Steve Fitch is among America’s most well-known chroniclers of the American West and has been photographing its changing vernacular landscape and vanishing roadside landmarks for more than 40 years. In his new book, Vanishing Vernacular, Fitch displays both the ancient and the modern by way of roadside signage, drive-in movie theater screens and radio towers, most of which are now endangered due to the advent of the Interstate Highway System and corporate franchises.
“To me, neon really figured in the migration movement on Route 66. The farther you go out West, the more neon you’d see, especially as a presence on motels. You can see towns like Tucumcari, New Mexico, coming from 20 miles away.”
A contemporary of Richard Misrach and Roger Minick, Fitch graduated with both from the University of California at Berkeley in 1971 where he began a project photographing the vernacular roadside of the American highway. The series received two National Endowment for the Arts Fellowships in 1973 and the second in 1975 and the photographs were published in the monograph, “Diesels and Dinosaurs,” in 1976.
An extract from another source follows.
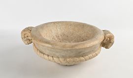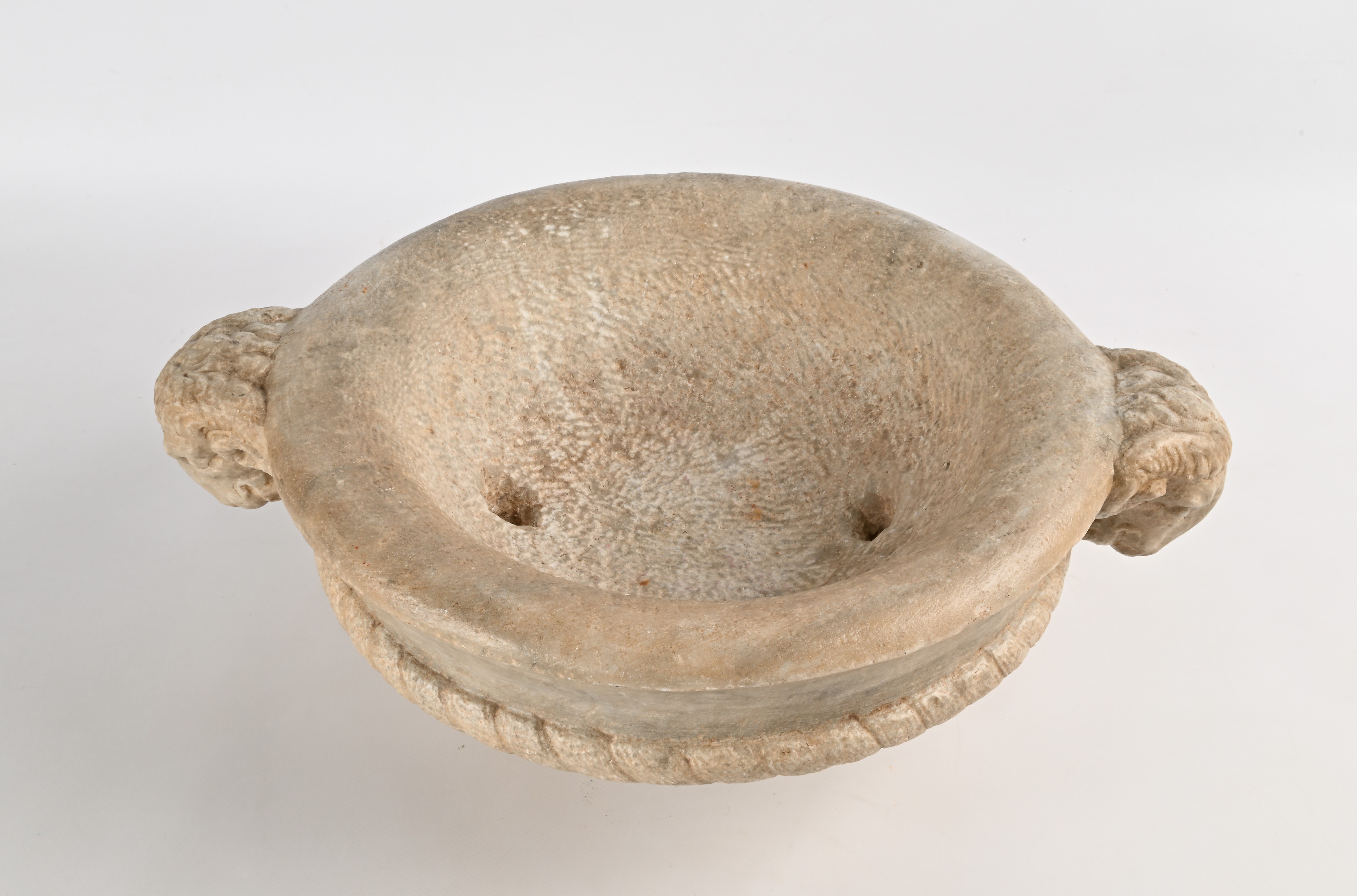di forma circolare con anse scultoree in forma di testa di ariete; un cordolo ritorto definisce la fascia; la parte convessa esterna è sottolineata da lunghe foglie lanceolate. All'interno due fori passanti per l'uscita dell'acqua

In 1981, as a member of the "Marks and Measures" project, he began photographing prehistoric Native American pictograph and petroglyph sites in the American west. This project was published in a monograph, Marks in Place: Contemporary Responses to Rock Art, by the University of New Mexico Press in 1988.
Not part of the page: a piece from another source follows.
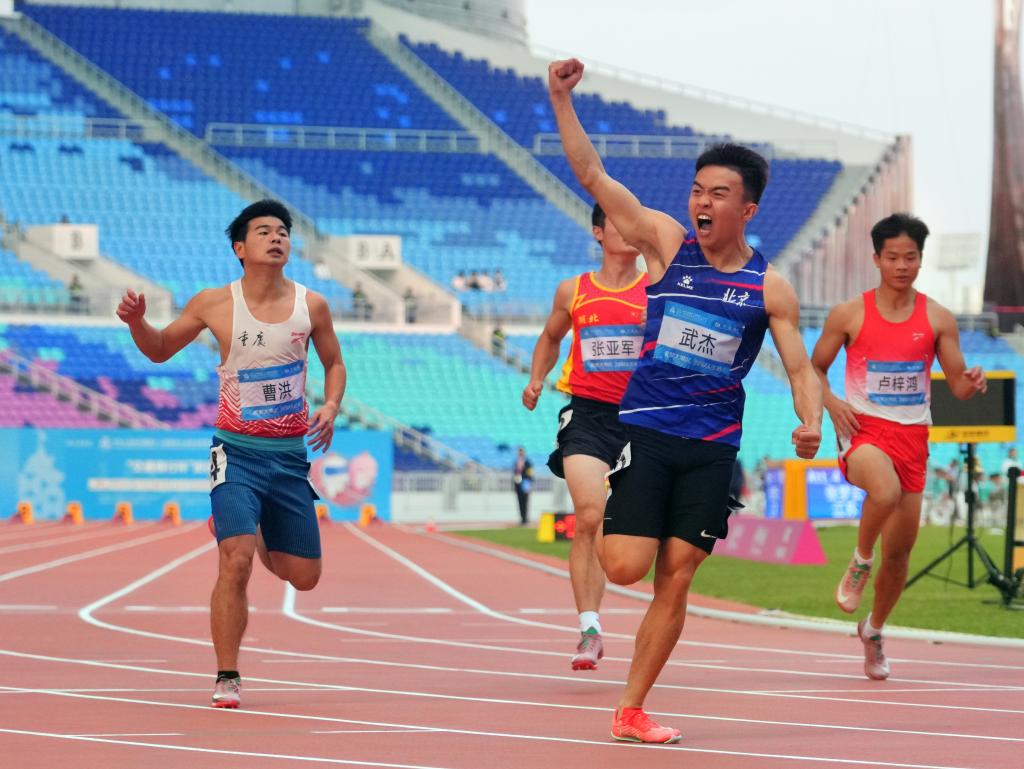 10日,在全国残特奥会田径赛场上,北京选手武杰以21秒91的成绩夺得男子200米听障项目冠军。(北京市残联供图)

Fitch returned to New Mexico in 1991 and began photographing the ongoing abandonment of the high Great Plains. He received the Eliot Porter Fellowship from the New Mexico Council for Photography in 1999 and in 2003 a book of these photographs entitled Gone: Photographs of Abandonment on the High Plains was published by the University of New Mexico Press along with a traveling exhibition. The entire exhibition of forty photographs was purchased by the Smithsonian American Art Museum in Washington, D.C. In addition, Steve Fitch recently sold 83 photographs to the Beinecke Library at Yale University, many of which are in this show.